The Xfile file manager was one of 19 file management applications. As of 5 April, the count was up to 21, and as of 29 December, the count is up to 26 for 10.4 and 10.5, 28 for 10.6 and 10.7.
The objective was to integrate all currently 30 (thirty) applications into the same package. And although the price for the package may increase over time, those already subscribing to the package will receive the additional applications at no extra cost. As always. The final applications should be added Q1 2012.
Xfile Pak All Platforms (Before 2011-04-05)
The Xfile Pak started as an even dozen applications and specifically was not supposed to grow over time. But things changed rapidly. The engineers couldn't contain themselves.
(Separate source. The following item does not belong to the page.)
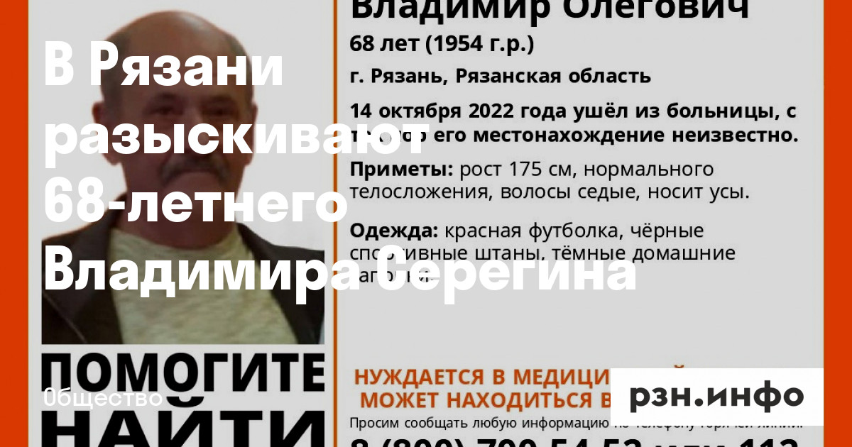 В Рязани пропал 68-летний мужчина. Ориентировку на поиск Владимира Серегина в пятницу, 14 октября, опубликовал поисково-спасательный отряд «Лиза Алерт».

The latest addition to the Xfile Pak was the access control list manager ACL which rounds out the field, meaning the Pak thereafter handled all possible file system contingencies on OS X. (ACL is available only for 10.6 or better.)
Xfile Pak All Platforms (After 2011-04-05)
The two additions to the Xfile Pak on 16 March were Bundle and CatInfo. XaBatch will be added 1 August 2011.
Xfile Pak All Platforms (After 2011-12-29)
The tally will be 32 when the final apps are added. Click on any of the icons above to see what the applications do.
Why Use It?
But why use it? Why use Xfile? Why indeed. It's been called the 'standard setter'; it's been called 'supercharged'; users claim you can never go back to 'TF' Finder again. But what does that mean to you in a practical sense - aside from the aesthetics?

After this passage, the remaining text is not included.